The figure shows in its upper part a time course 1 a mains voltage u (t), at which a triac for driving a drive motor of a washing machine is applied, and a time course 2 of a motor current i (t). The time t is plotted on the x-axis. In its lower part, the figure represents a series of firing pulses 3 which are delivered to a control terminal of the triac with a time delay. By the ignition pulses of the triac is turned on. If the triac functions properly, it is to be expected that after ignition of the triac by the emission of an ignition pulse 3 the motor current i (t) flows until it reaches the value zero. After an ignition pulse 3 should thus keep the motor current i (t) itself.

Based on the gradients 1 . 2 Now a method for functional testing and monitoring of the triac will be explained in more detail. The history 1 In the figure, the line voltage u (t) starts with a first zero crossing (n-1), passes through a second zero crossing (n) after the time of half a mains wave and ends after the time of a complete net wave or after passing through a third zero crossing (n + 1). The method is thus explained on the basis of a complete period of the mains voltage.

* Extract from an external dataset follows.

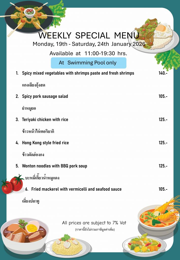 Daily Luncheon Menu at Swimming Pool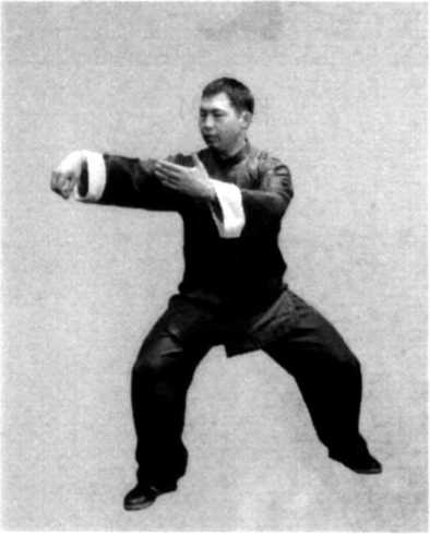 图 7-33 2.技击运用图 7-34接上势的图7-21。身体左转,左腿弓膝塌劲,身体重心 移至两腿之间,形成马步;同时,右手五指捏拢,屈腕,指尖 向下,形成勾手,左手掌心向内,向左云转至左侧前方,手变 逆缠向左斜前方推按,掌心斜向左前方,虎口向上,掌指斜向 上,眼看左前方(图7-33、34)。

During the period of half the mains wave of the mains voltage u (t), ie between the first zero crossing (n-1) and the second zero crossing (n) of the mains voltage u (t) becomes a firing time t, a first pulse 3 delivered to the control terminal of the triac, and the triac is ignited. After a time difference Δt, ie at a current flow time t ₂ , the motor current i (t) begins to increase flow. The time difference Δt depends on the physical properties of the triac.

The time shift between the ignition of the triac and the beginning of the current flow i (t) can also be explained by means of ignition angles. In order to regulate the rotational speed of the drive motor, a nominal ignition angle is calculated for the activation of the triac for each mains half-wave, which is normalized in relation to the duration of half a mains current. The normalized desired firing angle α _{soll, norm (n)} , which defines the instant t, is depicted in the figure. The desired firing angle α _{soll, norm (n)} can now be compared with a measured normalized actual firing angle α _{ist, norm (n)} . In this case, the actual ignition angle α _{ist, norm (n) is} defined by a time difference between the second zero crossing (n) of the mains voltage u (t) and the current flow time t ₂ with respect to half the period of the mains voltage u (t). If one then compares the desired firing angle α _{soll, norm (n)} with the actual firing angle α _{, norm (n)} , the difference between the two angles equals the time difference Δt.

In order to check the triac for an error function, the time difference .DELTA.t is compared with a reference value stored in a memory of a control unit. This reference value is defined as a function of the physical properties of the triac and of the response time of the motor current evaluation. The reference value can be determined, for example, by experiments or by a mathematical model. If the measured time difference .DELTA.t deviates from the reference value, in particular if it exceeds the reference value, then an error function of the triac can be deduced.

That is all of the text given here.